Component Breakdown Chart (create_component_breakdown_chart())

# Bar chart showing the 3 indices side-by-side
components = ['Health', 'Education', 'Income']
values = [0.85, 0.92, 0.78]

Purpose: Quick visual comparison of a country's strengths/weaknesses

Other Visualizations

  • Radar Chart: Spider plot comparing countries
  • Time Series: Line graphs showing evolution over time
  • 3D Scatter: Clustering results in 3D component space
  • Bottleneck Bar Chart: Distribution of limiting factors

3. Utility Module (src/utils.py)

Helper functions that support the main application:

Data Loading (load_processed_data())

data = {
    'components': pd.read_csv('hdi_components.csv'),
    'clustering': pd.read_csv('clustering_data.csv'),
    'timeseries': {
        'hdi': pd.read_csv('timeseries_hdi.csv'),
        ...
    }
}

Uses Streamlit's @st.cache_data to load files only once

Year Range Filtering (get_year_columns(), calculate_mean_for_years())

# Get columns for years 2010-2020
year_cols = get_year_columns(df, start_year=2010, end_year=2020)

# Calculate mean HDI across those years
mean_df = df[year_cols].mean(axis=1)

Purpose: Powers the year range slider functionality

Country Lookup (get_country_info())

# Find by name or ISO3 code
country_data = df[df['Country'] == 'Switzerland']
# Returns: All HDI data for Switzerland

4. Main Application (app.py)

Streamlit Architecture

A) Page Configuration

st.set_page_config(
    page_title="HDI Explorer",
    layout="wide",  # Full width
    ...
)

B) Data Loading with Caching

@st.cache_data  # ← Caches result, loads once
def load_data():
    return load_processed_data()

Benefit: Instant subsequent page loads

C) Sidebar Filters

selected_category = st.sidebar.selectbox("HDI Category", categories)
selected_region = st.sidebar.selectbox("Region", regions)
selected_bottleneck = st.sidebar.selectbox("Bottleneck", bottlenecks)

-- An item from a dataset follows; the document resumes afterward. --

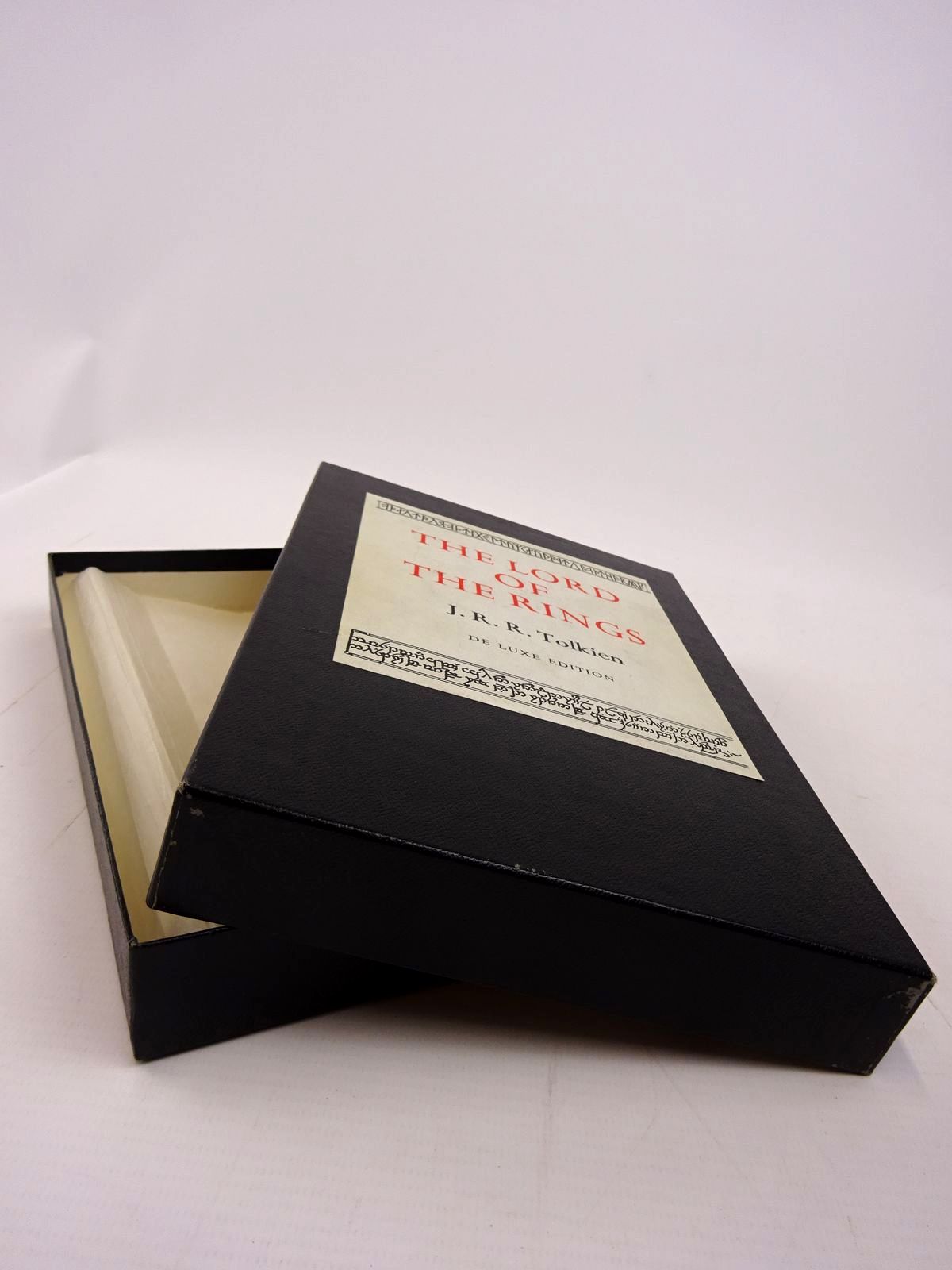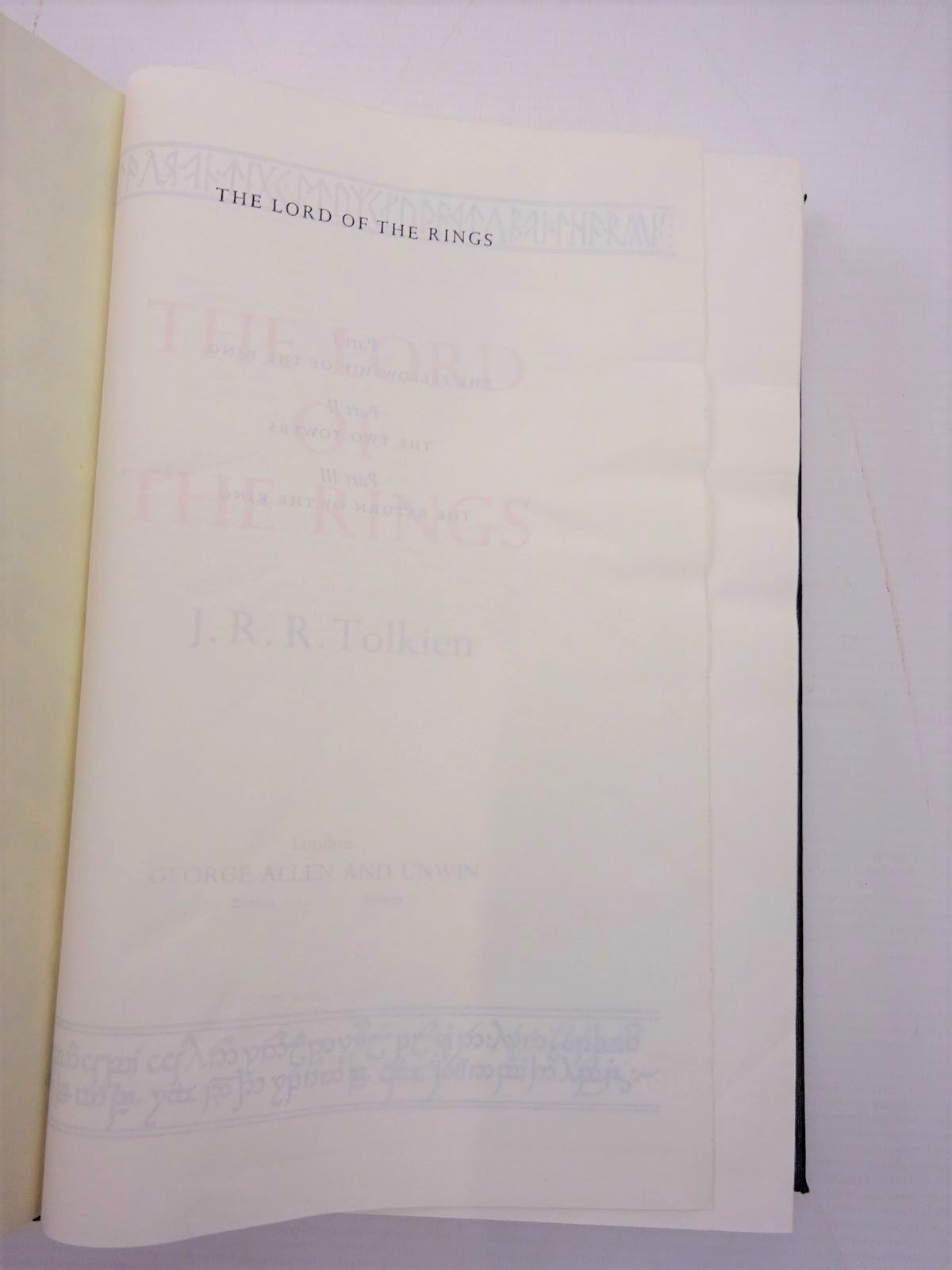 It is printed on what appears to be a type of tissue paper which is actually India paper, often used in the production of Bibles, hence the slim format. Two fold-out maps are included – one at the beginning of The Return of the King and one at the rear of the book. These are often missing from the book as they make attractive pictures to hang on the wall when framed. This desirable and collectable edition, contained in its original box, is published by George Allen & Unwin. Two other Tolkien titles are available in this deluxe series at time of writing: The Hobbit and Poems And Stories.

Creates dropdown menus for filtering

D) Dynamic Filtering Logic

filtered_df = components_df.copy()

if selected_category != 'All':
    filtered_df = filtered_df[filtered_df['HDI_Category'] == selected_category]

if selected_region != 'All':
    filtered_df = filtered_df[filtered_df['Region'] == selected_region]

Real-time filtering: Changes immediately update the visualization

E) Year Range Slider

year_range = st.sidebar.slider(
    "Select Year Range",
    min_value=1990,
    max_value=2021,
    value=(1990, 2021)  # Default: all years
)

# Calculate mean HDI for selected range
mean_hdi = timeseries_df[year_cols].mean(axis=1)

Interactive: Drag slider ends to adjust range

F) Map Rendering

fig = create_choropleth_map(
    filtered_df,
    value_column='HDI',
    title='Human Development Index by Country'
)

st.plotly_chart(fig, use_container_width=True)

Plotly integration: Streamlit displays interactive Plotly charts

G) Reactive Updates

User changes filter → filtered_df updates → map re-renders → statistics recalculate

Everything happens automatically - Streamlit re-runs the script on each interaction


5. Data Flow Example

User Action: "Show me Sub-Saharan African countries with Education bottlenecks"

# 1. User selects filters
Region = "SSA"
Bottleneck = "Education"

# 2. Data filtering
df_filtered = df[df['Region'] == 'SSA']
df_filtered = df_filtered[df_filtered['Bottleneck_Component'] == 'Education']
# Result: 25 countries

# 3. Map creation
fig = create_choropleth_map(df_filtered, value_column='Education_Index')
# Colors SSA countries by their education index

# 4. Statistics calculation
avg_education = df_filtered['Education_Index'].mean()  # e.g., 0.52

# 5. Display
st.plotly_chart(fig)  # Shows map
st.metric("Avg Education Index", f"{avg_education:.3f}")  # Shows 0.520

6. Key Algorithms

Bottleneck Detection Algorithm

def identify_bottleneck(health_idx, education_idx, income_idx):
    """
    Returns which component is lowest (the bottleneck)
    """
    components = {
        'Health': health_idx,
        'Education': education_idx,
        'Income': income_idx
    }
    
    bottleneck = min(components, key=components.get)
    return bottleneck

Why this matters:

  • Policy insight: Countries should focus on their bottleneck
  • Resource allocation: Improving the bottleneck has the highest impact
  • Development strategy: Balanced improvement is better than focusing on already-strong areas

Year Range Mean Calculation

def calculate_mean_for_years(df, year_columns):
    """
    Calculates average HDI across multiple years for each country
    """
    # year_columns = ['HDI (2010)', 'HDI (2011)', ..., 'HDI (2020)']
    
    result = df[['ISO3', 'Country']].copy()
    result['Mean_Value'] = df[year_columns].mean(axis=1)
    
    return result

Use case: Compare average development levels across different time periods


7. Performance Optimizations

1. Caching

@st.cache_data
def load_data():
    # Only loads once, then cached

Benefit: Instant subsequent loads

2. Lazy Loading

# Only loads time series when needed
if year_range_enabled:
    timeseries_data = load_timeseries()

3. Efficient Filtering

# Pandas boolean indexing (very fast)
filtered_df = df[df['HDI_Category'] == 'Very High']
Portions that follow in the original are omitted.